The input:
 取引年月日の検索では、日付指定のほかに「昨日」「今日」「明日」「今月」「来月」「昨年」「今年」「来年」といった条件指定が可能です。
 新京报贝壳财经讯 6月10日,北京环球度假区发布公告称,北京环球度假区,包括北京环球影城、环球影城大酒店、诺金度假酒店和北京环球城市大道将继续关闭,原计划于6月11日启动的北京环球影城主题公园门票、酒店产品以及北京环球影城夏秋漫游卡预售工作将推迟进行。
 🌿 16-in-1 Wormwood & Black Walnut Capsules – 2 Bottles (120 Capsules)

* * *

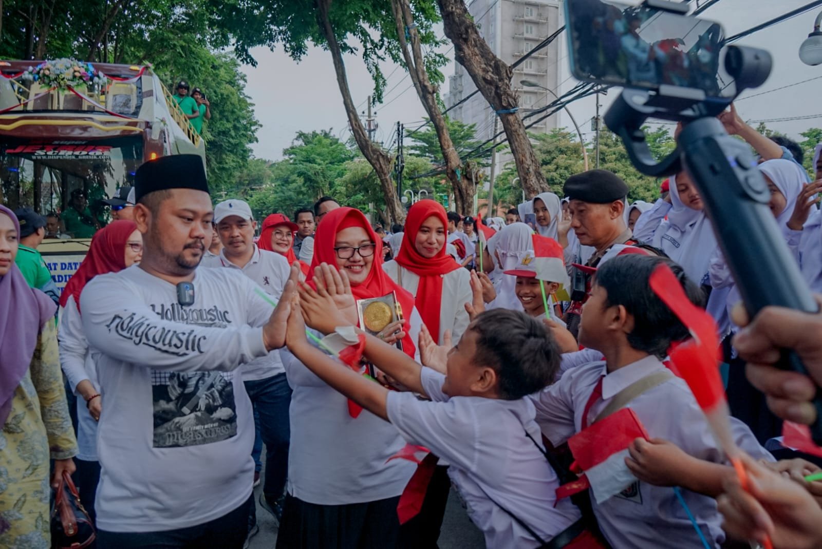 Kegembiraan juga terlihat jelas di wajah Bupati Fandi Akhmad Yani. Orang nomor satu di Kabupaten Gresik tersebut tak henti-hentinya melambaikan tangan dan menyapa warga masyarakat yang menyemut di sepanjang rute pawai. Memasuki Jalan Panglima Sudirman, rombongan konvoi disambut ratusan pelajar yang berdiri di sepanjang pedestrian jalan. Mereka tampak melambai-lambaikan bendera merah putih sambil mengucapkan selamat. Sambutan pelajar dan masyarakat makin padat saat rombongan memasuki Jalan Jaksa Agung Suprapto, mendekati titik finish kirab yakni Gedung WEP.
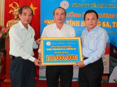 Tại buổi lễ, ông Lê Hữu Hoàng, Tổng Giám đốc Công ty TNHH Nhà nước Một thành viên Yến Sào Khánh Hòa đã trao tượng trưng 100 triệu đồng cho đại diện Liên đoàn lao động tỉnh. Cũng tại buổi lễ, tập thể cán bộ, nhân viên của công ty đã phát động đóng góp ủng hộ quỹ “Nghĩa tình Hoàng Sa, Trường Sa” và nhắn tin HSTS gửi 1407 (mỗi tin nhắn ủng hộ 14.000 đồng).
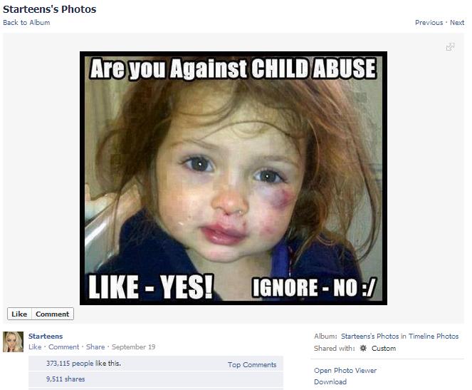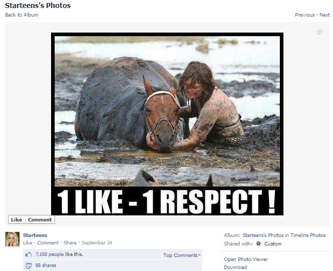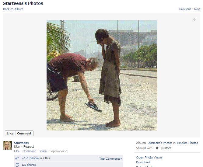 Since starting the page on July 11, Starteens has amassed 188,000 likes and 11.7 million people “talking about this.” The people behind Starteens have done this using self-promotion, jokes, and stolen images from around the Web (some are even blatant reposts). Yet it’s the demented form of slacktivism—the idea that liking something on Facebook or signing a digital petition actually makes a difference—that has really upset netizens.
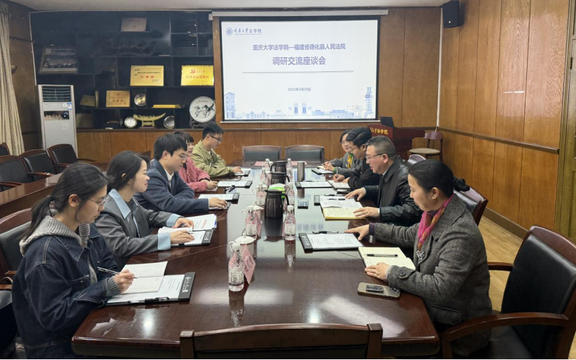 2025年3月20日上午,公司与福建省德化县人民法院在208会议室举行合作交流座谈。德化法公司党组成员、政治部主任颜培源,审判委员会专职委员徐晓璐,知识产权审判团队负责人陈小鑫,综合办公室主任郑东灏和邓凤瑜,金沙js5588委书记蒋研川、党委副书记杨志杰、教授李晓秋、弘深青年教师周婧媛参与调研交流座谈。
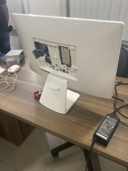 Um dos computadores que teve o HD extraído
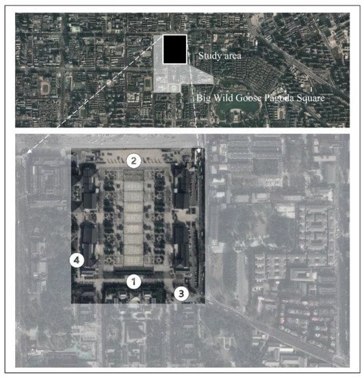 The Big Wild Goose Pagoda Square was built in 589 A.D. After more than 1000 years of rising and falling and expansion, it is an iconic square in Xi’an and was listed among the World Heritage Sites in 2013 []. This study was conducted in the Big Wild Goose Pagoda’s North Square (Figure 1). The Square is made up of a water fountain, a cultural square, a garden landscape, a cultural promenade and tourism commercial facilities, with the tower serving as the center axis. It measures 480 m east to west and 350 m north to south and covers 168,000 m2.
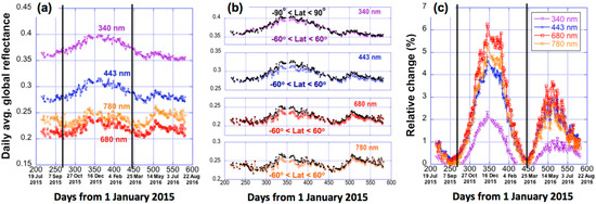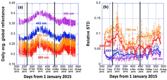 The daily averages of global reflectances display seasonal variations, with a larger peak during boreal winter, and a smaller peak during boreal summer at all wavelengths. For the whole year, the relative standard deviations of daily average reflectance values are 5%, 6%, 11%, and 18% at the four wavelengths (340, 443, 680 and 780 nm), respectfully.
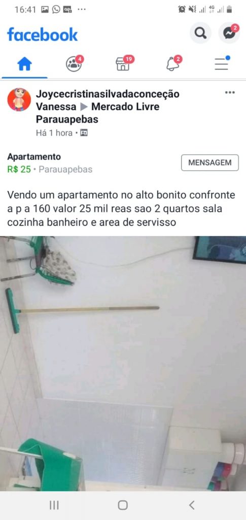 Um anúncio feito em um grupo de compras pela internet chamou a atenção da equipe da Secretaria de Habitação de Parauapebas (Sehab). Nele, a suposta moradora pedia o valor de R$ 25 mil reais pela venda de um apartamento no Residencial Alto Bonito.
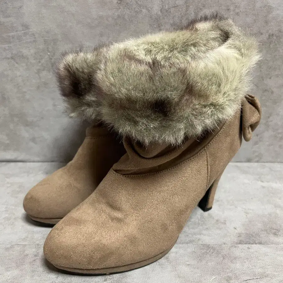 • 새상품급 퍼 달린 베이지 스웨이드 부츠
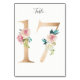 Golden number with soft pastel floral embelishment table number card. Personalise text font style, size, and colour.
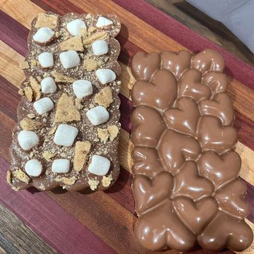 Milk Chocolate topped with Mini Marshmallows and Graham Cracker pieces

Task to complete: Copy exactly the part of the material above that opens with the line containing "Kegembiraan juga terlihat" and closes with the line containing "Tại buổi lễ, ông", ends included. Drop the images.

Exercise answer:
 Kegembiraan juga terlihat jelas di wajah Bupati Fandi Akhmad Yani. Orang nomor satu di Kabupaten Gresik tersebut tak henti-hentinya melambaikan tangan dan menyapa warga masyarakat yang menyemut di sepanjang rute pawai. Memasuki Jalan Panglima Sudirman, rombongan konvoi disambut ratusan pelajar yang berdiri di sepanjang pedestrian jalan. Mereka tampak melambai-lambaikan bendera merah putih sambil mengucapkan selamat. Sambutan pelajar dan masyarakat makin padat saat rombongan memasuki Jalan Jaksa Agung Suprapto, mendekati titik finish kirab yakni Gedung WEP.
 Tại buổi lễ, ông Lê Hữu Hoàng, Tổng Giám đốc Công ty TNHH Nhà nước Một thành viên Yến Sào Khánh Hòa đã trao tượng trưng 100 triệu đồng cho đại diện Liên đoàn lao động tỉnh. Cũng tại buổi lễ, tập thể cán bộ, nhân viên của công ty đã phát động đóng góp ủng hộ quỹ “Nghĩa tình Hoàng Sa, Trường Sa” và nhắn tin HSTS gửi 1407 (mỗi tin nhắn ủng hộ 14.000 đồng).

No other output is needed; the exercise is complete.